Guess I will meet with him tomorrow and go through it........


----------



## PatsPainting (Mar 4, 2010)

PCM1 said:


> I would like to believe in patience, we switched to our new website 2 weeks ago and the gentlemen is creative in nature, I have requested that the spelling and sentence structure be reviewed. We provided pictures of all aspects and phases for this industry.
> 
> Guess I will meet with him tomorrow and go through it........



I know I have a chit load of grammar and spelling fook up's in my website, I'm just to lazy to fix em, even had a few customers tell me they liked it because they knew I did not send it off to have someone write it for me. Not sure if this is a good thing or bad lol. One day I will get around to it.

Pat


----------



## aaron61 (Apr 29, 2007)

PatsPainting said:


> I know I have a chit load of grammar and spelling fook up's in my website, I'm just to lazy to fix em, even had a few customers tell me they liked it because they knew I did not send it off to have someone write it for me. Not sure if this is a good thing or bad lol. One day I will get around to it.
> 
> Pat


Do you really believe that? Can you tell me why they would think that is a good thing? Could it be that that 1 their painter to be someone who can't afford such services?


----------



## PatsPainting (Mar 4, 2010)

aaron61 said:


> Do you really believe that? Can you tell me why they would think that is a good thing? Could it be that that 1 their painter to be someone who can't afford such services?


Because it gives them a real idea on who I am, makes it more genuine. Anybody can have someone write their content for them. Then it just falls under the same ole rhetoric as all the others out there. 

I do plan on fixing it, I just don't put much emphasis on my site as it really does not do anything for me.

Pat


----------



## PatsPainting (Mar 4, 2010)

aaron - your site looks great in google chrome and IE, has some issue in firefox just for your info.

Pat


----------



## [email protected] (Feb 24, 2008)

aaron61 said:


> Do you really believe that? Can you tell me why they would think that is a good thing? Could it be that that 1 their painter to be someone who can't afford such services?

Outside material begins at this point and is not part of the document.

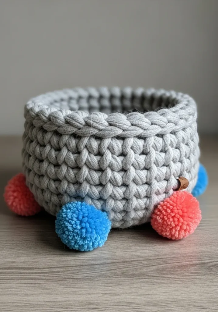 This chunky knitted storage basket is made with thick light gray yarn that gives it a sturdy and cozy feel. The stitches are bold and tightly packed, creating a strong structure that still looks soft and inviting. Bright pom poms in cheerful blue and coral peek out around the base, adding a playful pop of color and personality. The round shape keeps it versatile and cute while the chunky texture makes it feel extra handmade and special.

Wow... are you snobby or just stuck in your own selfish rut? That was pretty damn rude...


----------



## PCM1 (Jul 1, 2010)

We wrote on own content and design, Just did not get relayed right.


----------



## nEighter (Nov 14, 2008)

so what is your link? You can even put it in your sig if you would like.


----------



## aaron61 (Apr 29, 2007)

[email protected] said:


> Wow... are you snobby or just stuck in your own selfish rut? That was pretty damn rude...

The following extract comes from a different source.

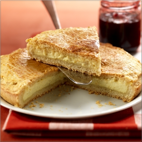 1• Je prépare la crème pâtissière : je fais bouillir le lait avec la gousse de vanille coupée en 2 dans le sens de la longueur. Dans un saladier, j’ajoute le sucre aux 2 jaunes d’œufs, fouette, ajoute la farine Francine et mélange. Je verse le lait tiède dans le saladier en tournant. Je reverse le liquide dans la casserole et remets sur feu moyen sans cesser de tourner. A la première ébullition, la crème pâtissière est prête. Je mélange bien et sors du feu. Je verse la crème pâtissière dans un saladier et laisse refroidir. Je prépare la pâte : je verse dans le robot, les farines, le sucre, le sel, l’œuf, le beurre et le rhum. J’obtiens une pâte, que je roule en boule et mets au réfrigérateur pour 2 ou 3h. Je sors la pâte du réfrigérateur, la laisse 30 min à température ambiante et la partage en 2/3 pour la pâte du fond du moule et 1/3 pour le disque du dessus. Je préchauffe le four à 210°C (Th.7).

Not sure I understand why you think that is snobby or rude. I am refering to the fact that many potential customers are looking for cheap and could interpret a poorly done website as someone they can take advantage of.


----------



## vermontpainter (Dec 24, 2007)

I clicked a link from here the other day on one of my devices which has a safari browser on like a 8" screen and it was like a mushroom trip.


----------



## chrisn (Jul 15, 2007)

vermontpainter said:


> I clicked a link from here the other day on one of my devices which has a safari browser on like a 8" screen and it was like a mushroom trip.


 
kooool


----------



## vermontpainter (Dec 24, 2007)

Lol Nellie. Did you get your cdl?


----------



## House Painting Bids (Dec 20, 2009)

Best Idea


----------